We have survived one week at our site! This may be unimpressive to you, but to us it is a bit miraculous. I don’t think either of us expected such a difficult entry. After all, a lot of what we are facing here is familiar: we live with a mid-thirties couple of professionals; we have a nice room and regular hot meals and nice showers. There is TV in the house and we make our own breakfasts, which do not involve exotic new foods. There is a school and a highway and tourists. We know all these things, and should have some semblance of normalcy, right?

Yet here we are, wondering the following existential questions:

  • just what the heck we are doing here?
  • how in the world did our 3 months of training in any way prepare us for this?
  • how can speaking Spanish (especially when we already spoke Spanish before) be so tiring?
  • how do we deal with people who are shy and don’t want to talk to us without being insulted and then immediately depressed?
  • how to re-focus a conversation with your first interviewee who has decided to tell you nothing but the local (bad) gossip about the family you are living with?
  • how to feel good about 2 hours of work when you are used to an 8 - 10 hour work day (sure, things start slow, but...)?
  • how to know more than 3 people in the village that you can greet by name?
  • how to recall more of those deep-breathing-for-stress exercises you laughed at last year and now might scratch someone’s eyes out to remember how to do properly?
  • how to enjoy being in your room, but not too much because you don’t want to be one of those shy or lazy volunteers but you also want to prove you can be alone but not too much or people (like your host family) will talk about solitary, individualistic Americans?
  • how to get people to stop giving you that funny "you are a foreigner!?" look when you say "good morning" - in a culturally correct way - in the street?
  • how to respond when someone says, "what projects do you want to do?" in a way other than "do you think i have any clue at this stage, jesus christ, I’ve only been here 4 days! i can barely find the corner store!" ?
  • how to stop worrying about sweating? I mean constant sweating, the kind that makes it hard to be presentable at the local community meeting, the kind that requires the constant lady-like swipe of the handkerchief or unlady-like swipe of the shirt sleeve at the risk of being otherwise blinded by sweat in your eye?
  • how to make things start to happen in a positive way?
  • how to give yourself a break and realize this is only temporary?
  • how to survive 103 more weeks?

Thursday, May 20, 2010

May 20, 2010: the end of training.

Yesterday were our final interviews before swearing-in, where we touch base with the Country Director, our Program Director, and everyone else in the office: before we officially pledge to stay here for 24 months in front of the U.S. Ambassador, shortly after we unintentionally slaughter the Costa Rican national anthem.

We also lost another volunteer yesterday, which makes four.

The first people to leave were a married couple in their 70s, and their departure was outside of their control.
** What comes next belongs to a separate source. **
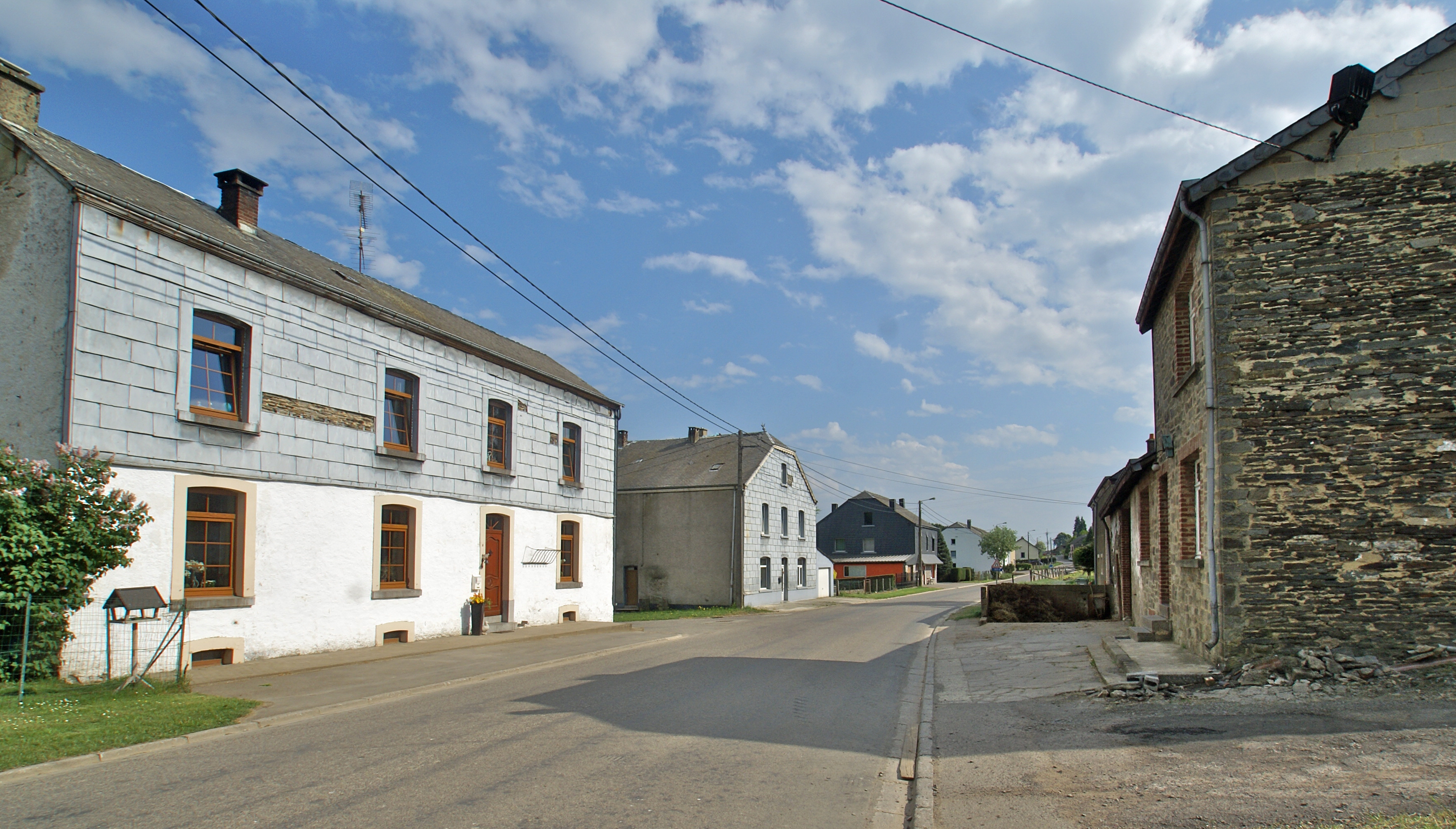 Neufchâteau (Tournay), Belgium: High Street Torimont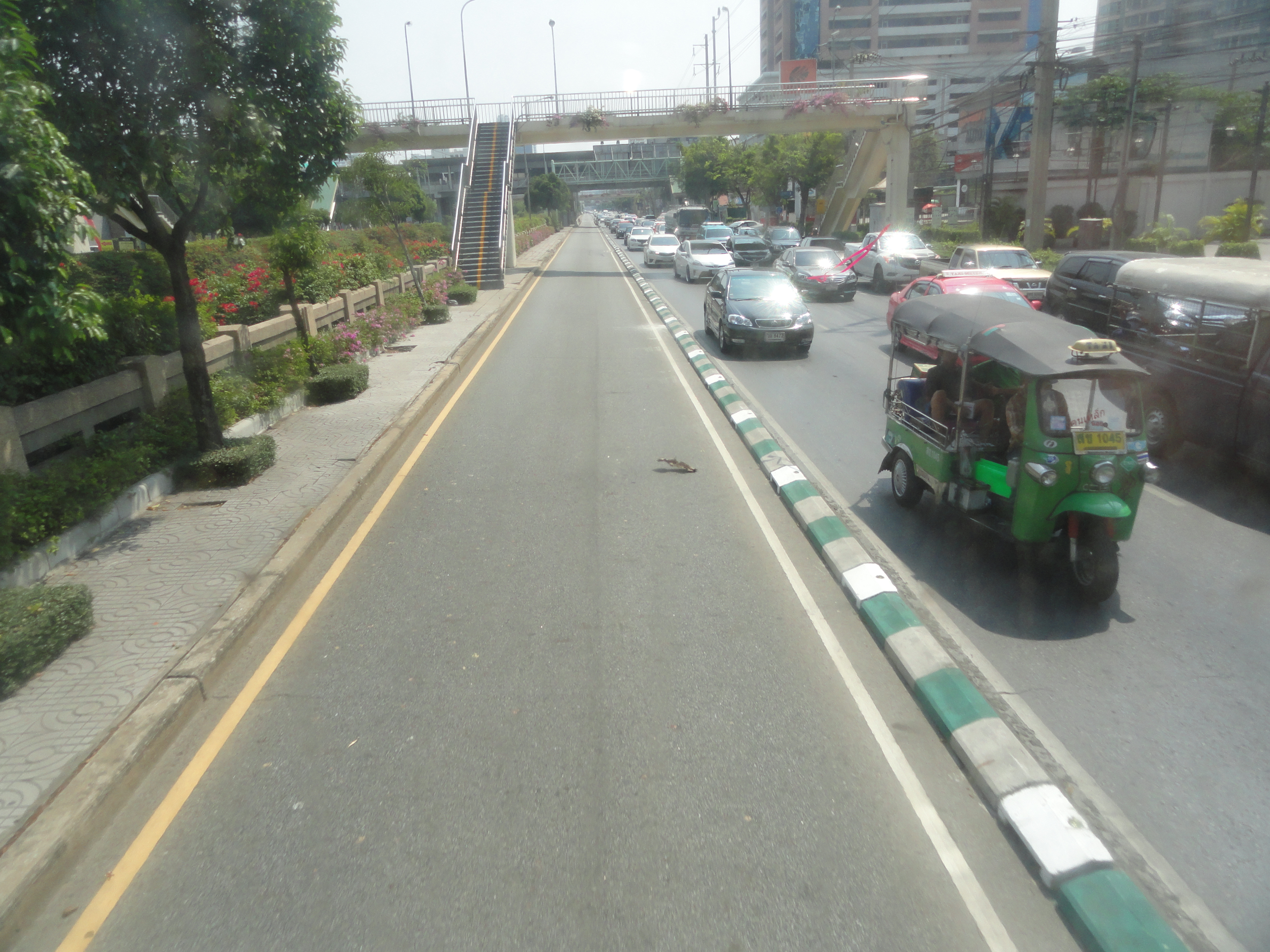 Busway separation in Bangkok

It’s hard to get used to a new environment and new foods and a diet consisting almost entirely of rice and grease, and the effects of that change get amplified by age. It was hard to see them go, but it happened relatively early in training, and the problem had been growing and growling in the background for weeks when they left, so it wasn’t entirely unexpected. When they left, I became the oldest person in Tico 20, a role I fit into without a problem, given my incessant use of the word “rad” and receding hairline, both of which are strong indicators of being older than Jesus.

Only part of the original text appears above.